DATASET EXTRACT:
:::::
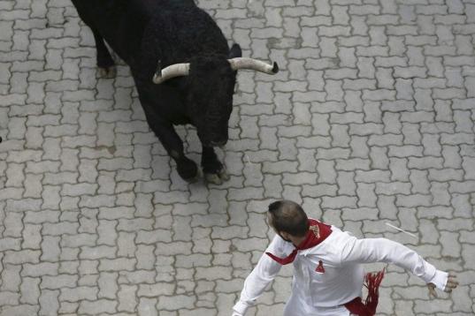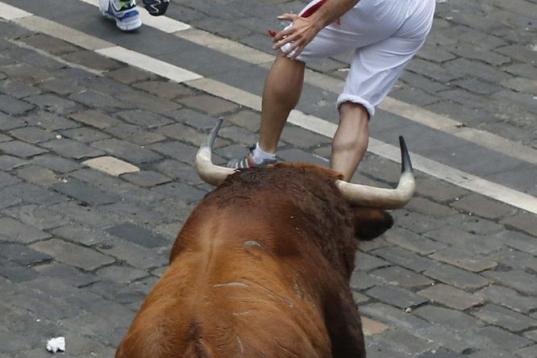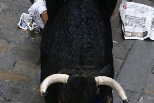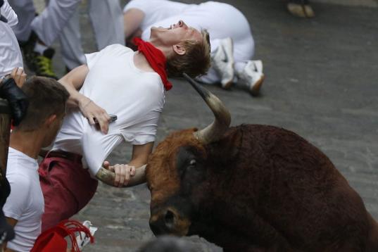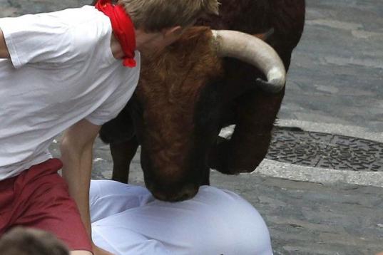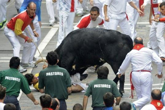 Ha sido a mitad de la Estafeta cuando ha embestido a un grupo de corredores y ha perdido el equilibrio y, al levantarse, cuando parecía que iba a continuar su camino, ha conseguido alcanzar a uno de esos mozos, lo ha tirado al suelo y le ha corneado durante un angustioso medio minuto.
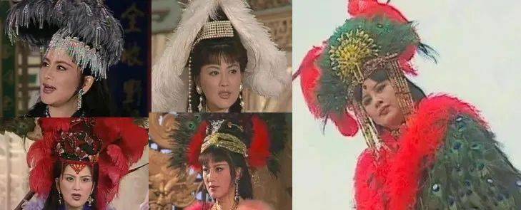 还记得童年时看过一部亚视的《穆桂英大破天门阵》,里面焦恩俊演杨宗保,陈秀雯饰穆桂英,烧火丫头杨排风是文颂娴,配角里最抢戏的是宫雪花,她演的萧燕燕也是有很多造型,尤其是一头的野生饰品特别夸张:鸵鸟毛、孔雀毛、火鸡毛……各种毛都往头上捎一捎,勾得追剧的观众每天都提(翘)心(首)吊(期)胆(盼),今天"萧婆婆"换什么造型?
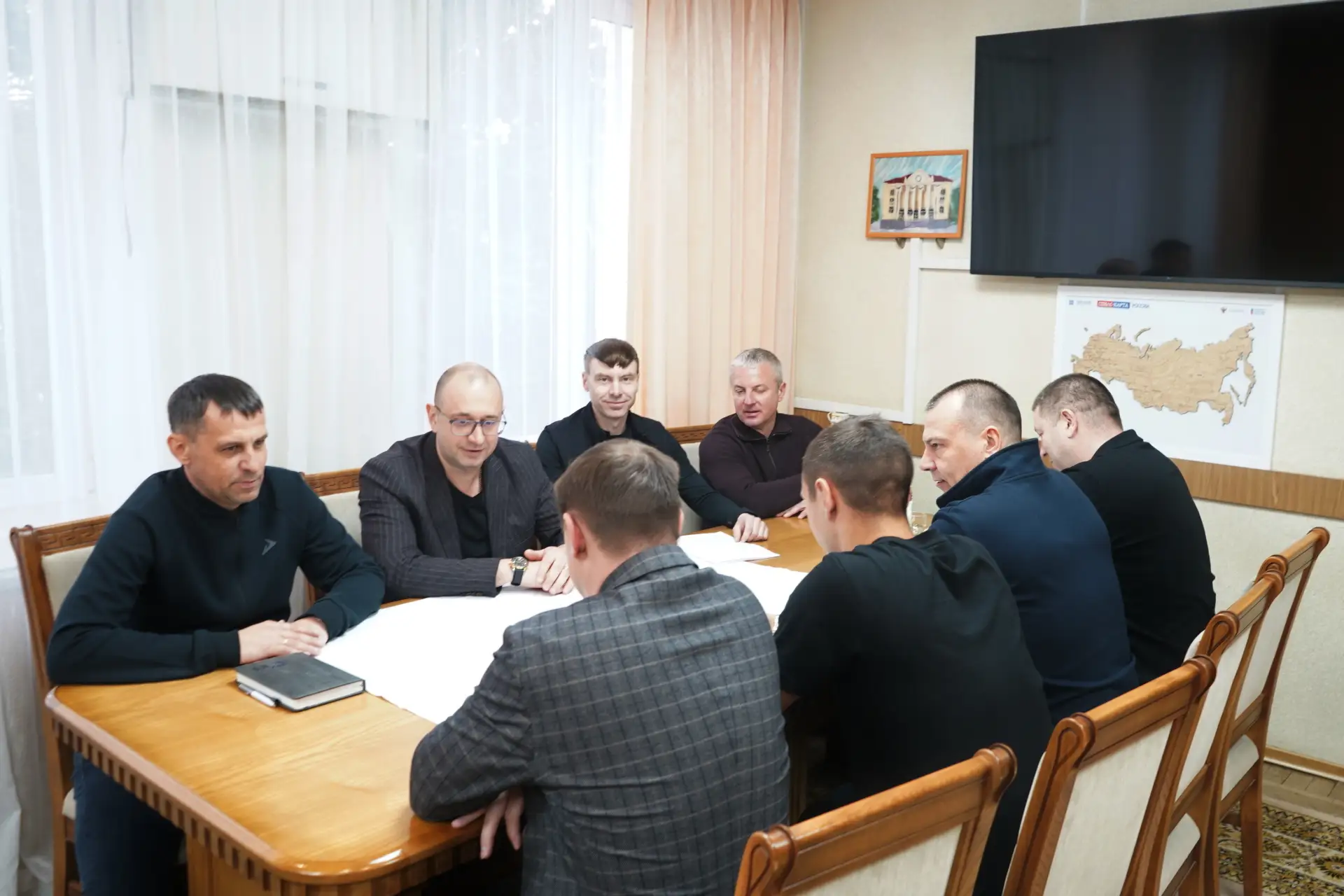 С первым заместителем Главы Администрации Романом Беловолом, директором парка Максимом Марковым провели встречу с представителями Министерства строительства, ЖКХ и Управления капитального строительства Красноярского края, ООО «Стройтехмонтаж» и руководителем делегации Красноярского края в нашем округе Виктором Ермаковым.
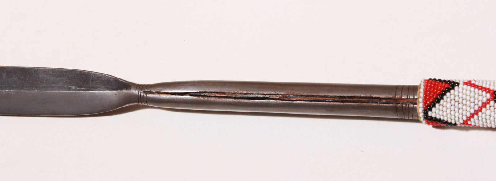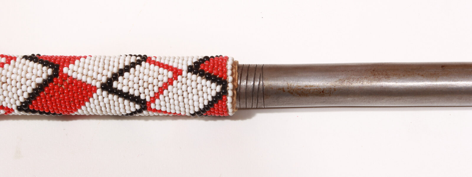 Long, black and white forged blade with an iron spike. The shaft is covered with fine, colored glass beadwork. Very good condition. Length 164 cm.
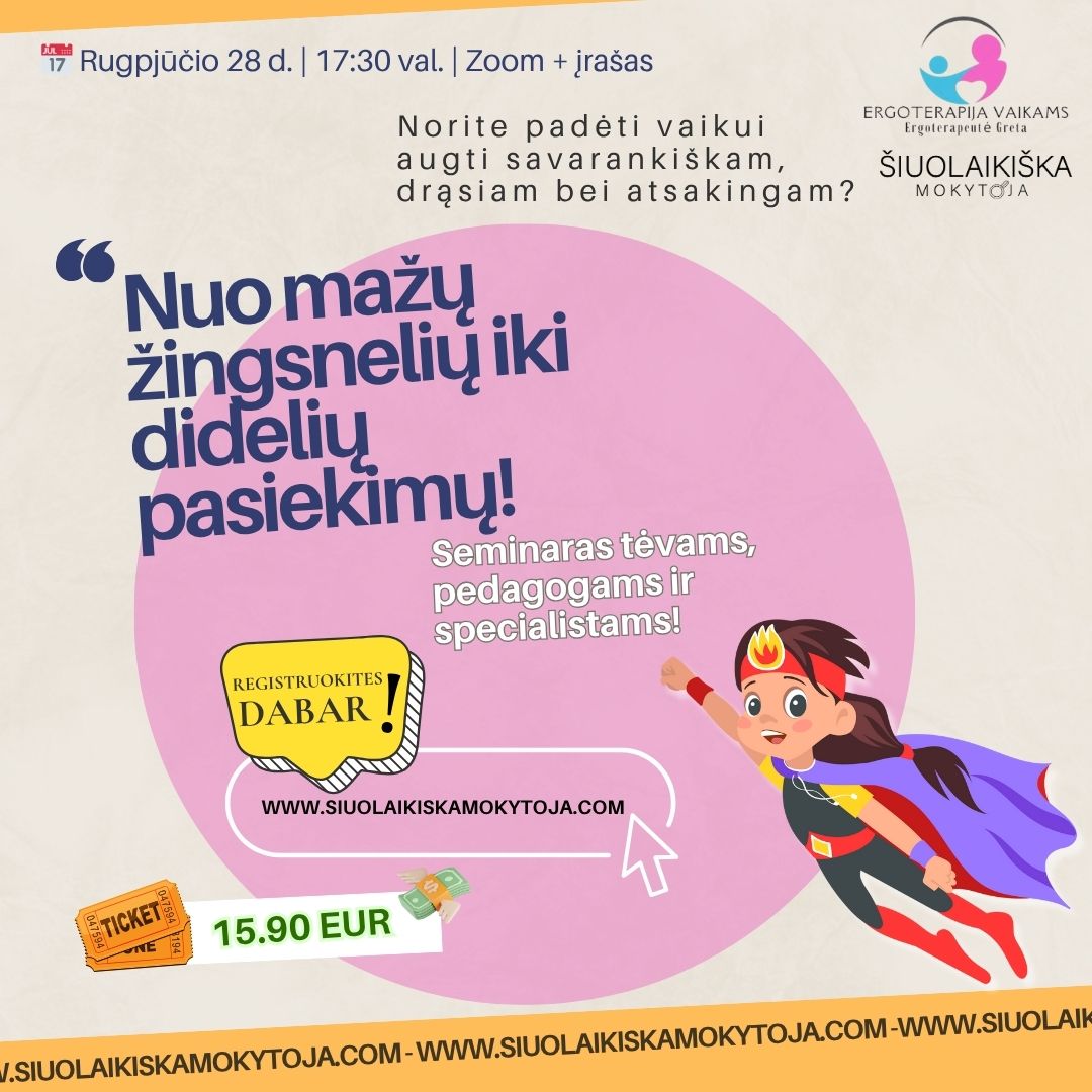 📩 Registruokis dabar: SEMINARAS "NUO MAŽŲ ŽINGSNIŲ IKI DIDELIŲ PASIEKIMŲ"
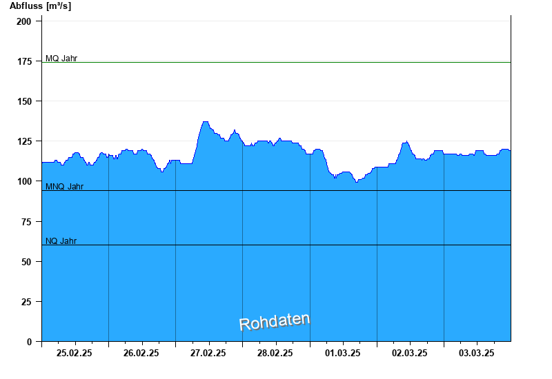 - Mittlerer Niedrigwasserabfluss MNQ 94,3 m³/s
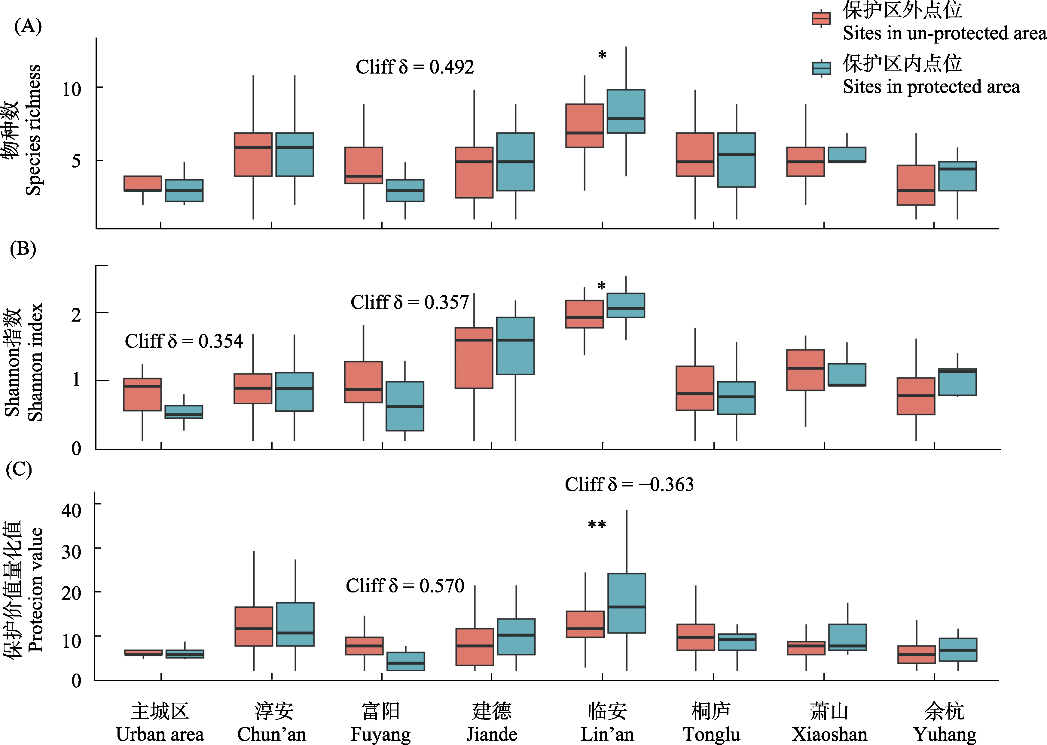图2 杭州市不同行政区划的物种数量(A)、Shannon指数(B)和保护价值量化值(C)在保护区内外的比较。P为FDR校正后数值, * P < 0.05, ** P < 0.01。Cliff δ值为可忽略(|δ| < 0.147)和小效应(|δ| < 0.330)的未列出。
:::::
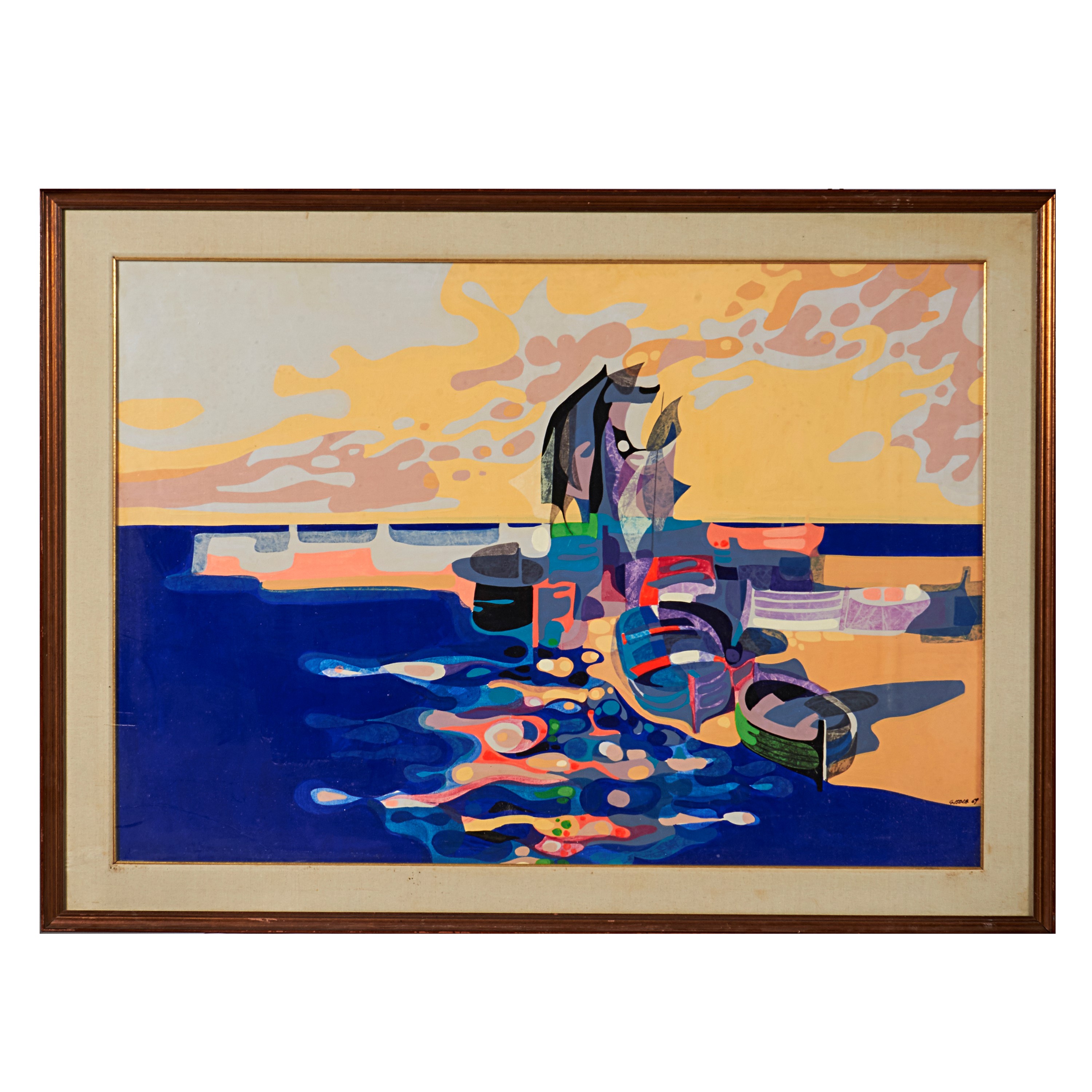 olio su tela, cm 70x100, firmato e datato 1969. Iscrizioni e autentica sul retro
:::::
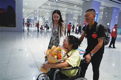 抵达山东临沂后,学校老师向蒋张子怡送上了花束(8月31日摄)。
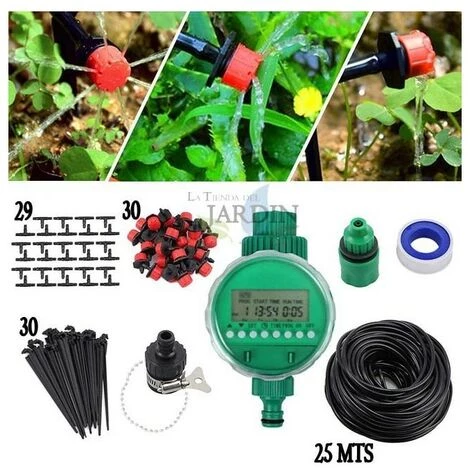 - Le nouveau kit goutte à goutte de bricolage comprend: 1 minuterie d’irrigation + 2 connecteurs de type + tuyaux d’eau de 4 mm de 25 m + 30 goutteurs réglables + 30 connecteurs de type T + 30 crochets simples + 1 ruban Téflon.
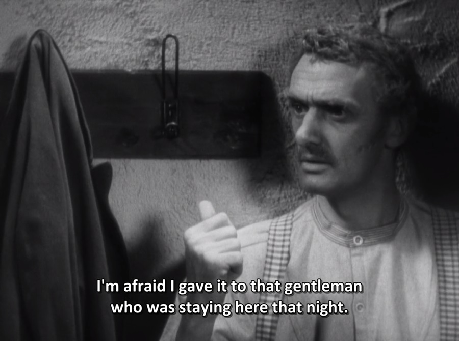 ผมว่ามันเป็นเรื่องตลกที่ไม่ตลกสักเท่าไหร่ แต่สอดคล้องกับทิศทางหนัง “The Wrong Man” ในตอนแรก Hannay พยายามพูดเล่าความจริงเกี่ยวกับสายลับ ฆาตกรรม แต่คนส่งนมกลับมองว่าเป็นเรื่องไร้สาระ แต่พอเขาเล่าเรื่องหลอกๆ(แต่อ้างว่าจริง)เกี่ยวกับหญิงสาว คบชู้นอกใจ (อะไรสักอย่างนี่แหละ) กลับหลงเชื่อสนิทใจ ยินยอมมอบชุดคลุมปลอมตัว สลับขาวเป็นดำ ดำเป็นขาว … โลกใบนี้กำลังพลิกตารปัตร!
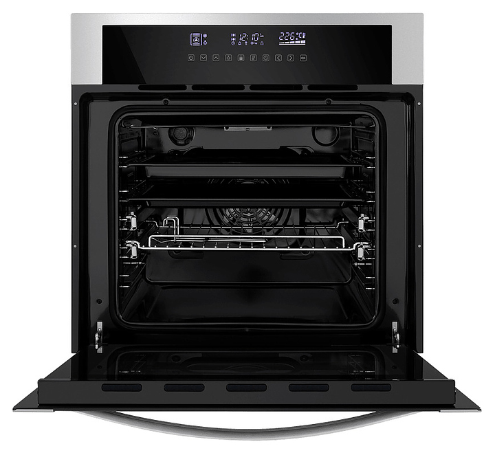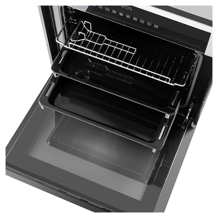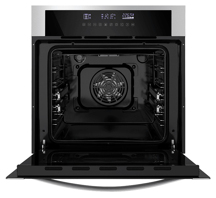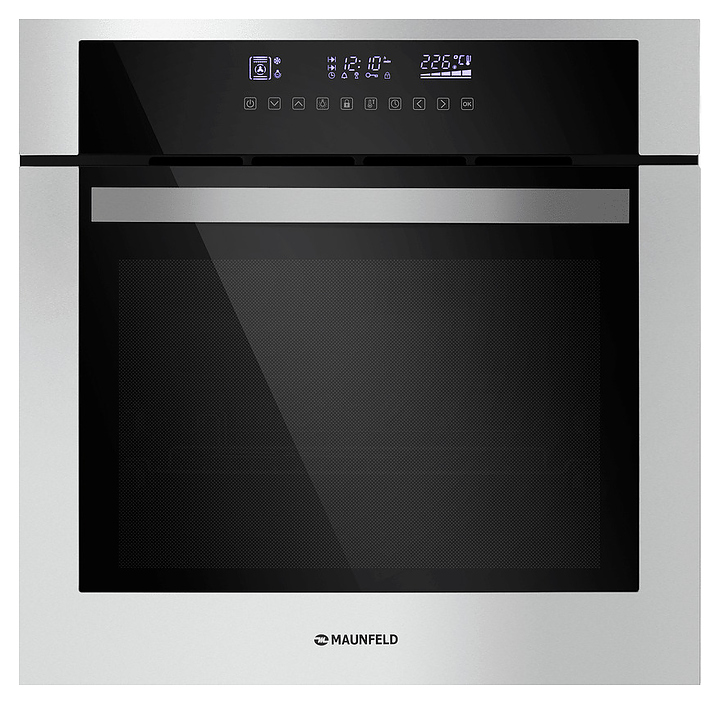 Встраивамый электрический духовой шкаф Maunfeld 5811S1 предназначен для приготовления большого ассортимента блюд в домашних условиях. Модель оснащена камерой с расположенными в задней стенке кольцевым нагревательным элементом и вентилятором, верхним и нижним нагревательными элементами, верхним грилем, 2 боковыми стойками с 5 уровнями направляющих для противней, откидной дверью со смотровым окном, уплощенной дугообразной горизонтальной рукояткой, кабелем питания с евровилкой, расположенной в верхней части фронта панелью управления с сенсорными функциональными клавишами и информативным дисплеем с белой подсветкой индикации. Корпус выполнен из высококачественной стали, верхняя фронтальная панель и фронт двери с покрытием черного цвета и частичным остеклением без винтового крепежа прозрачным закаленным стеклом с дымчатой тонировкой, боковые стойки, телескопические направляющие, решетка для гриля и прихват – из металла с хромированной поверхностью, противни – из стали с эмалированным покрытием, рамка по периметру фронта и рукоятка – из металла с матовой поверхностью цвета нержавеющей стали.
:::::
PROBLEM: Above are some records. Output exactly the lines from the one that contains "还记得童年时看过一部亚视的《" to the one that contains "- Mittlerer Niedrigwasserabfluss", keeping both, and omit the pictures.

RESPONSE TO THE TASK:
 还记得童年时看过一部亚视的《穆桂英大破天门阵》,里面焦恩俊演杨宗保,陈秀雯饰穆桂英,烧火丫头杨排风是文颂娴,配角里最抢戏的是宫雪花,她演的萧燕燕也是有很多造型,尤其是一头的野生饰品特别夸张:鸵鸟毛、孔雀毛、火鸡毛……各种毛都往头上捎一捎,勾得追剧的观众每天都提(翘)心(首)吊(期)胆(盼),今天"萧婆婆"换什么造型?
 С первым заместителем Главы Администрации Романом Беловолом, директором парка Максимом Марковым провели встречу с представителями Министерства строительства, ЖКХ и Управления капитального строительства Красноярского края, ООО «Стройтехмонтаж» и руководителем делегации Красноярского края в нашем округе Виктором Ермаковым.
 Long, black and white forged blade with an iron spike. The shaft is covered with fine, colored glass beadwork. Very good condition. Length 164 cm.
 📩 Registruokis dabar: SEMINARAS "NUO MAŽŲ ŽINGSNIŲ IKI DIDELIŲ PASIEKIMŲ"
 - Mittlerer Niedrigwasserabfluss MNQ 94,3 m³/s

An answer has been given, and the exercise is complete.